PURPOSE: Seeding the tissue-engineered constructs with endothelial cells (ECs) may accelerate neovascularization and prevent the resorption of the constructs. However, the use of autologous ECs is hampered by the need to harvest a blood vessel from the patient and the technical challenges of EC culture. Our aim in this study is to determine whether human adipose-derived stem cells (ASCs) can be an alternative EC source for clinical tissue engineering applications.
METHODS: We harvested human ASCs from adipose tissue samples via enzymatic digestion and characterized them with flow cytometry and tri-lineage differentiation. We fed ASCs from PIII-V with EGM-2MV endothelial cell differentiation medium (Lonza Pharmaceuticals, Basel, Switzerland) for up to three weeks. We harvested the cells after 1, 2 and 3 weeks, and evaluated endothelial differentiation with Quantitative Real Time-Polymerase Chain Reaction (qRT-PCR), flow cytometry, and angiogenic sprouting assays.

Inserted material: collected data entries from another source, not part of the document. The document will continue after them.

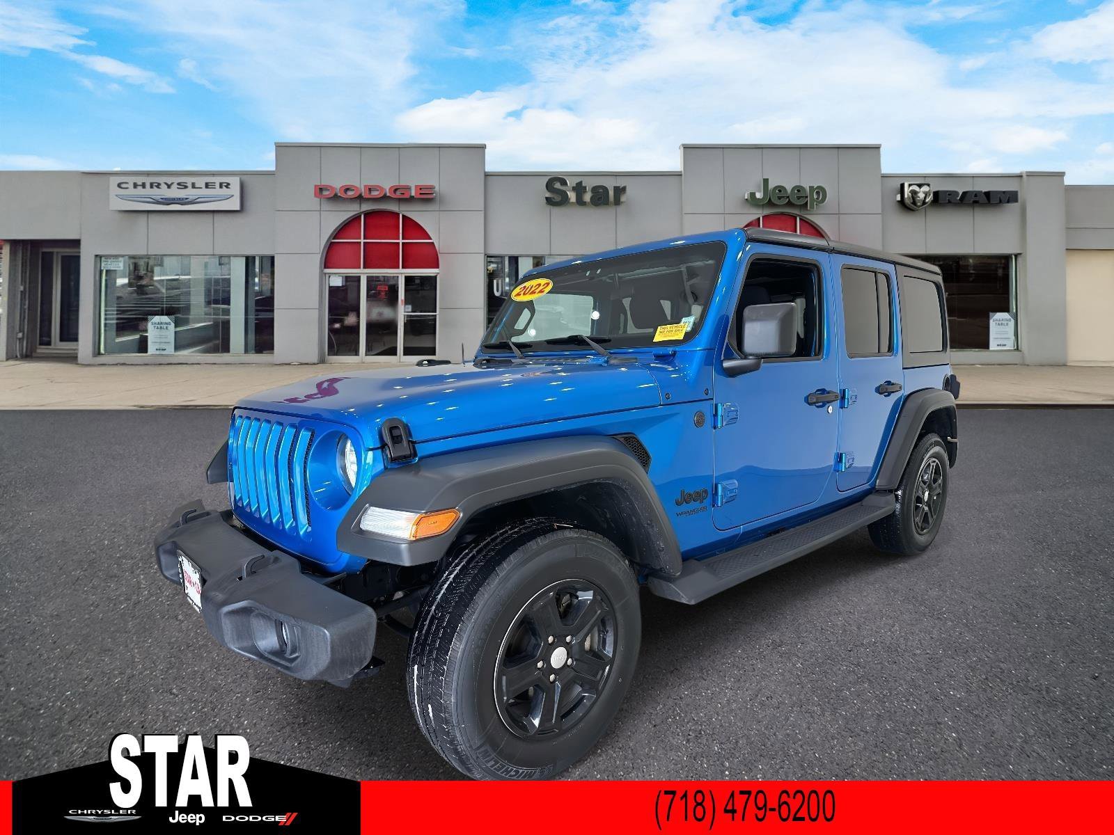Carfax One-Owner. Hydro Blue Pearl Coat 4D Sport Utility 2022 Jeep Wrangler Unlimited Sport S Tech/Conv Group 4WD 8-Speed Automatic 3.6L V6 24V VVT Non-Smoker, Fully Serviced, Star Certified, 110 MPH Vehicle Max Speed Calibration, 2-Door Passive Entry, Front Door Locks, 3.45 Rear Axle Ratio, 4-Wheel Disc Brakes, ABS brakes, Air Conditioning, Air Conditioning w/Auto Temperature Control, Air Filtering, AM/FM radio, Apple CarPlay/Android Auto, Automatic Headlamps, Aux Battery, Black 3-Piece Hard To... (more)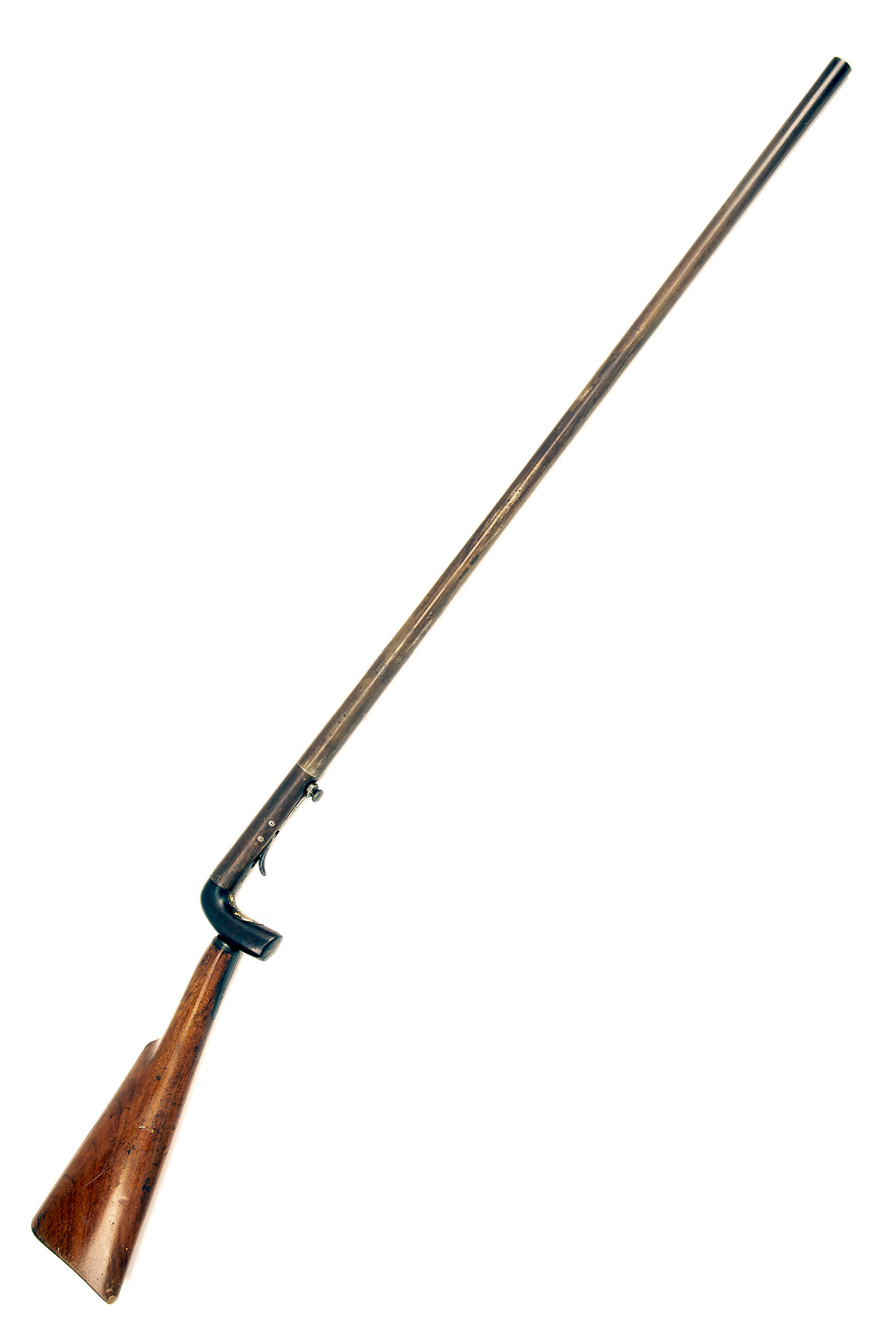 English circa 1845, with round turn-off twist 29in. barrel, Birmingham proofs, round action with under-hammer and exposed trigger (at fault), walnut walking-stick handle with threaded aperture to rear to accept a detachable butt-stock (included), overall length 46in. including butt-stock, weight approximately 3 1/8lbs.
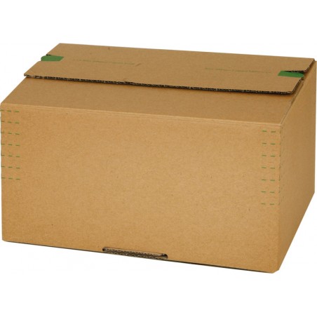 Boîte pliante GRÜNMARIE® Fix carton ondulé résistant, montage aisé grâce à une mise en place rapide et sûre du fond, fermeture autoadhésive, bandelette d'arrachage. Durabilité eco:plus: compostable, dégradable, recyclable, composant recyclé.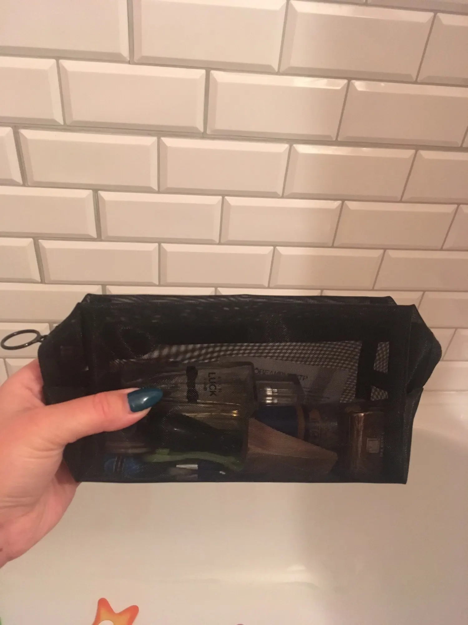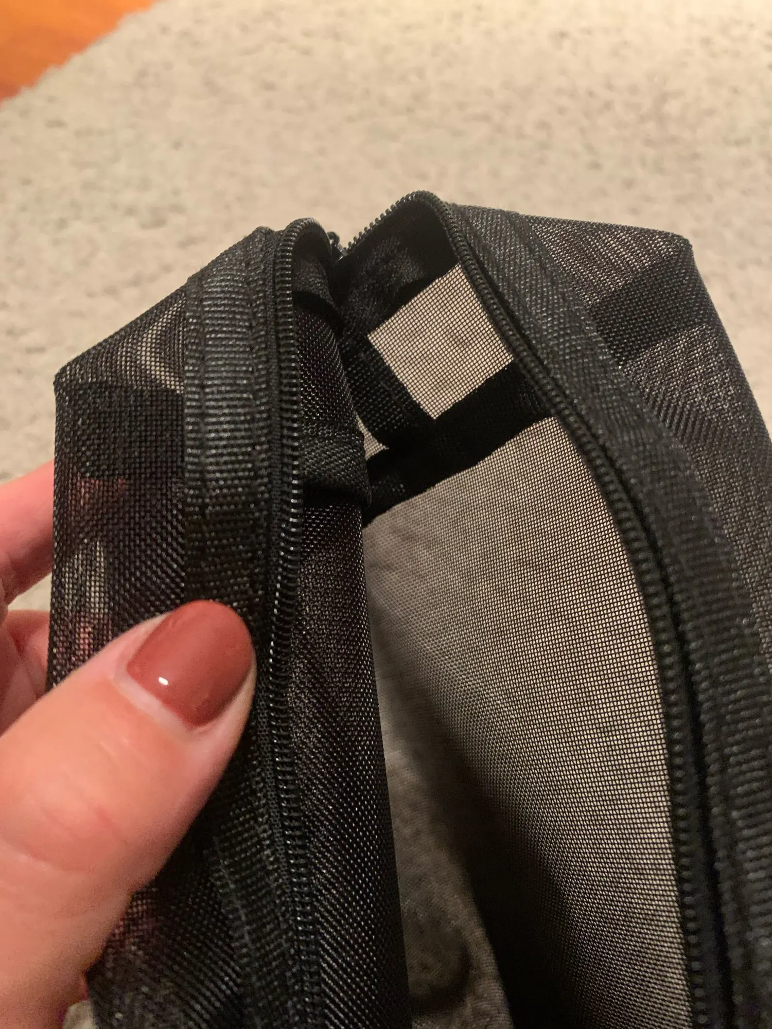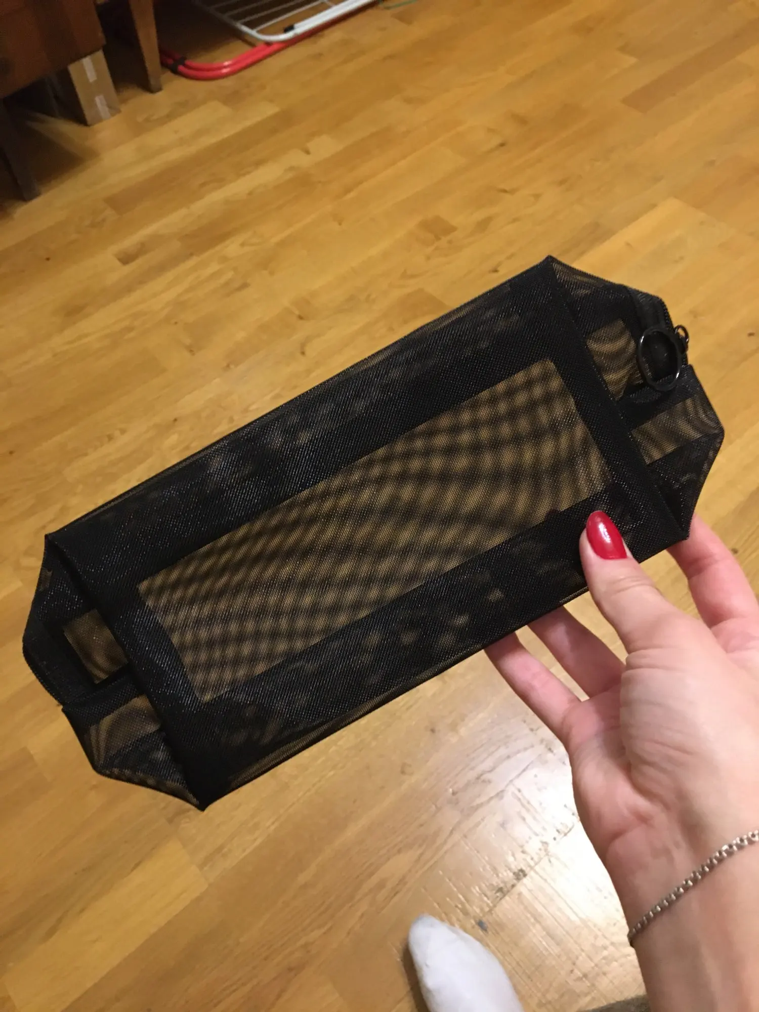 Косметичка отличная, сетка прочная, достаточно жесткая.

RESULTS: ASCs were CD 90+, CD 44+, and CD 31- prior to differentiation. They differentiated into adipogenic, osteogenic, and chondrogenic lineages as detected by Oil Red O, Alizarin red and Alcian blue staining, respectively. The expression of EC specific genes in ASCs made a peak at the second week of differentiation. The fold changes in expression of CD31, vascular endothelial growth factor receptor-1, nitric oxide synthase, and von Willebrand Factor genes at week 2 were 0.4 ± 0.1, 34.7 ± 0.3, 2.03 ± 0.25 and 12.5 ± 0.3 respectively. The percentage of CD 31+ cells in total ASCs population as detected by flow cytometry was 0.2, 0.64, and 1.6 at weeks 1, 2, and 3, respectively. ASCs formed an average of 4.0±0.4, 1.8±0.6, and 0.7±0.1 sprouts/bead at weeks 1, 2, and 3 of differentiation, respectively. Moreover, human ASCs derived ECs displayed enhanced sprouting capability as compared to human microvascular endothelial cells (p<0.05) (Fig.1).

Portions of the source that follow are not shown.